"Groovin" is a single released in 1967 by American rock band the Young Rascals that became a number-one hit and one of the group's signature songs. It has been covered by many artists, including the Young Rascals themselves in other languages. A slightly different version was later released on their third studio album, Groovin'.
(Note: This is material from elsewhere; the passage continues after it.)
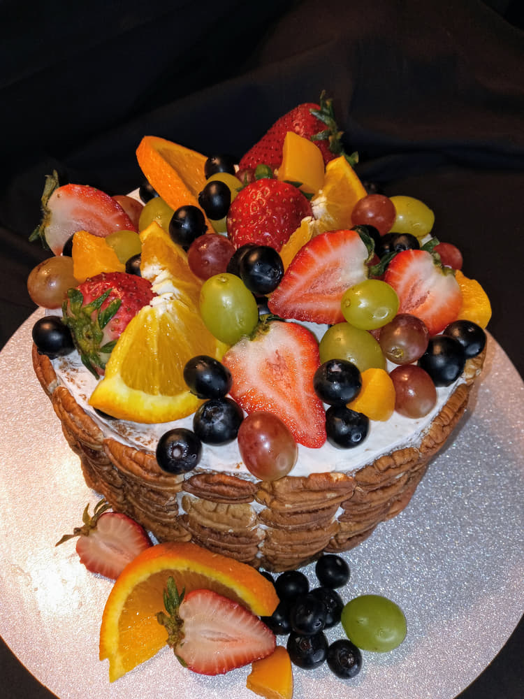¿Te gusta la nuez? ¡Este pastel tiene nuez y mucha! Decorado con nuez y fruta de temporada, te encantará! (Entre 8 a 10 porciones).

Written by group members Felix Cavaliere and Eddie Brigati and with a lead vocal from Cavaliere, it is a slow, relaxed groove, based on Cavaliere's newfound interest in Afro-Cuban music. The instrumentation of the song includes a conga, a Cuban-influenced bass guitar line from session musician Chuck Rainey, and a harmonica part, performed first for the single version by New York session musician Michael Weinstein, and later for the album version by Gene Cornish.

Background
"Groovin was inspired by Cavaliere's then-girlfriend, Adrienne Buccheri. He said of her, "I believe she was divinely sent for the purpose of inspiring my creativity." Lyrically, "Groovin is the evocation of a person in love:
Life would be ecstasy, you and me endlessly ...
Groovin' ... on a Sunday afternoon
Really couldn't get away too soon —

Cavaliere wrote the music for the song, and he and Eddie Brigati collaborated on the lyrics. The basic track was recorded by Cavaliere on vocals and piano, with Dino Danelli playing conga and woodblock and Gene Cornish on tambourine. Background vocals by Eddie and David Brigati were added later. Bass was added by Chuck Rainey, and occasional session musician Michael Weinstein provided the harmonica. The production was supervised by Arif Mardin.
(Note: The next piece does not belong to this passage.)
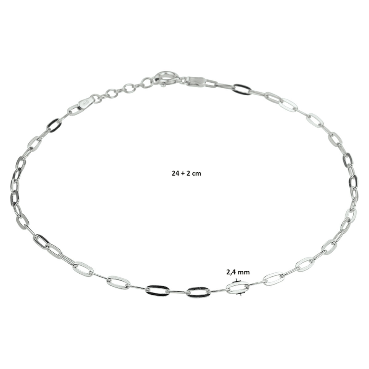 24-26cm 2,4mm Zilver enkelbandje paperclip platte buis

The song is fairly different from the Rascals' white soul origins, enough so that Atlantic Records head Jerry Wexler did not want to release the single. Cavaliere credits disc jockey Murray the K with intervening to encourage Atlantic to release the song: "To tell you the truth, they didn't originally like the record because it had no drum on it...We had just cut it, and [Murray the K] came in the studio to say hello. After he heard the song, he said, 'Man, this is a smash.' So, when he later heard that Atlantic didn't want to put it out, he went to see Jerry Wexler and said, 'Are you crazy? This is a friggin' No. 1 record.' He was right, because it eventually became No. 1 for four straight weeks."

The single became an instant hit in May 1967, spending four nonconsecutive weeks atop the Billboard pop singles chart. The weeks were interrupted by Aretha Franklin's cover of "Respect", which spent two weeks at No. 1 in the middle of "Groovins run. Interestingly, Franklin would later cover "Groovin for her album Lady Soul. The song also reached No. 3 on the Billboard Black Songs chart. "Groovin was the only hit the group ever had in the United Kingdom, reaching No. 8 on the UK Singles Chart. After the fourth week, "Groovin dropped from the charts; Casey Kasem remarked on it in his radio show American Top 40 five years later.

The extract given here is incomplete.